I'm very much a newbie in NLP, so please accept my apologies if this is an obvious question, the wrong place to ask it or any other error I could be making.

I am considering using NLP for some subset of real-time spam detection in real-time chat. The general idea would be to observe semantic clusters forming in real-time, as they could indicate activation of a wave of spambots. This, by itself, won't be sufficient to indicate that it's spam but I suspect that it would be an interesting data point in the process.

More specifically:

  • my system receives text messages in real-time (e.g. thousands to tens of thousands per second);
  • I would like to classify them and see if semantic clusters emerge;
  • I will need to cleanup the data regularly (e.g. remove everything that's older than one hour) to avoid retaining potential private data;
  • I cannot rely on external services for privacy reasons, so whatever happens, I'll need to write code. I'm fine with that.

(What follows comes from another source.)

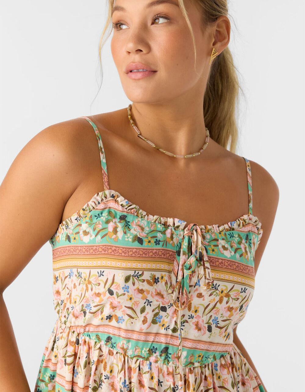 O'Neill Delena Mini Dress. Ready for sunshine woven mini dress that features a flowy fit design and colorful floral print. Drawstring at front V-neckline. Ruffles at neckline. Elastic waist. Adjustable straps. 24 1/2" length. 100% Viscose. Imported.

I figure that I need to encode my text messages into vectors, using e.g. BERT or some other existing model. So far, so good. My difficulties are:

  • real-time classification of a growing dataset, with an unknown number of clusters (I'll be able to experiment with the distance, though);
  • regular cleanup.

Are there any well-known algorithms or libraries that I should look at? I'm not afraid to code and optimize my code, if I have a good reason to believe that it's going to work.

Yoric
  • 121
  • 3

1 Answers1

2

This looks like a problem of topic modelling: unsupervised clustering based distributional semantics.

  • For the issue of the unknown number of clusters, HDP is certainly a good option.
  • For analyzing the changing behaviour, there are dynamic topic models which can represent this, in particular D-LDA, DETM.
Erwan
  • 24,823
  • 3
  • 13
  • 34